Clearly this is automaton benefits from the transition-based
acceptance.  If we want a traditional Büchi automaton, with
state-based acceptance, we only need to add the =-B= option.  The
result will of course be slightly bigger.

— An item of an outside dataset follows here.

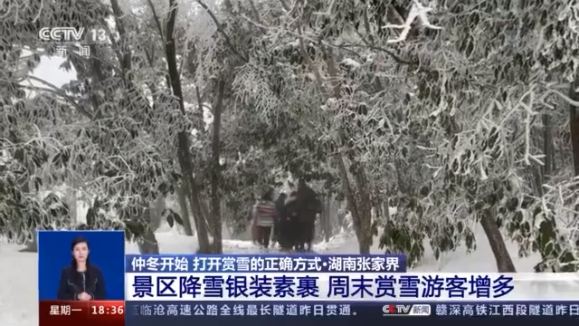 漫步林间,雪凇漫山,千姿百态,放眼望去犹如千树万树梨花开,整个景区壮美无限。雪后的美景令赏雪游客增多,仅周末两天,天门山国家森林公园接待游客就超过1.5万人,比冬季平时翻了三番。

#+BEGIN_SRC sh :results verbatim :exports code
ltl2tgba -BD -x sat-minimize "GF(a <-> XXb)"
#+END_SRC
#+RESULTS:
#+begin_example
digraph G {
  0 [label="", style=invis, height=0]
  0 -> 1
  1 [label="1", peripheries=2]
  1 -> 2 [label="!a\n{Acc[1]}"]
  1 -> 3 [label="a & !b\n{Acc[1]}"]
  1 -> 4 [label="a & b\n{Acc[1]}"]
  2 [label="2", peripheries=2]
  2 -> 1 [label="!b & !a\n{Acc[1]}"]
  2 -> 4 [label="a\n{Acc[1]}"]
  2 -> 5 [label="b & !a\n{Acc[1]}"]
  3 [label="4"]
  3 -> 1 [label="a & b\n"]
  3 -> 2 [label="b & !a\n"]
  3 -> 3 [label="a & !b\n"]
  3 -> 6 [label="!b & !a\n"]
  4 [label="3"]
  4 -> 1 [label="!b\n"]
  4 -> 3 [label="a & b\n"]
  4 -> 6 [label="b & !a\n"]
  5 [label="6"]
  5 -> 1 [label="!b\n"]
  5 -> 4 [label="a & b\n"]
  5 -> 5 [label="b & !a\n"]
  6 [label="5"]
  6 -> 1 [label="a & b\n"]
  6 -> 2 [label="b & !a\n"]
  6 -> 4 [label="a & !b\n"]
  6 -> 5 [label="!b & !a\n"]
}
#+end_example

#+NAME: gfaexxb4
#+BEGIN_SRC sh :results verbatim :exports none
ltl2tgba -BD -x sat-minimize "GF(a <-> XXb)" | sed 's/\\/\\\\/'
#+END_SRC
#+RESULTS: gfaexxb4
#+begin_example
digraph G {
  0 [label="", style=invis, height=0]
  0 -> 1
  1 [label="1", peripheries=2]
  1 -> 1 [label="!b & !a\\n{Acc[1]}"]
  1 -> 2 [label="b & !a\\n{Acc[1]}"]
  1 -> 3 [label="a\\n{Acc[1]}"]
  2 [label="2"]
  2 -> 1 [label="!b & !a\\n"]
  2 -> 2 [label="b & !a\\n"]
  2 -> 3 [label="a & !b\\n"]
  2 -> 4 [label="a & b\\n"]
  3 [label="3", peripheries=2]
  3 -> 5 [label="!a\\n{Acc[1]}"]
  3 -> 6 [label="a\\n{Acc[1]}"]
  4 [label="5"]
  4 -> 1 [label="!b & !a\\n"]
  4 -> 5 [label="b & !a\\n"]
  4 -> 3 [label="a & !b\\n"]
  4 -> 6 [label="a & b\\n"]
  5 [label="4"]
  5 -> 1 [label="b & !a\\n"]
  5 -> 2 [label="!b & !a\\n"]
  5 -> 3 [label="a & b\\n"]
  5 -> 4 [label="a & !b\\n"]
  6 [label="6"]
  6 -> 1 [label="b & !a\\n"]
  6 -> 5 [label="!b & !a\\n"]
  6 -> 3 [label="a & b\\n"]
  6 -> 6 [label="a & !b\\n"]
}
#+end_example

#+BEGIN_SRC dot :file gfaexxb4.png :cmdline -Tpng :var txt=gfaexxb4 :exports results
$txt
#+END_SRC
#+RESULTS:
[[file:gfaexxb4.png]]


There are cases where =ltl2tgba='s =tba-det= algorithm fails to produce a deterministic automaton.
In that case, SAT-based minimization is simply skipped.  For instance:

#+BEGIN_SRC sh :results verbatim :exports both
ltl2tgba -D -x sat-minimize "Ga R (F!b & (c U b))" --stats='states=%s, det=%d'
#+END_SRC
#+RESULTS:
: states=4, det=0

The question, of course, is whether there exist a deterministic
automaton for this formula, in other words: is this a recurrence
property?  There are two ways to answer this question using Spot (and
some help from [[http://www.ltl2dstar.de/][=ltl2dstar=]]).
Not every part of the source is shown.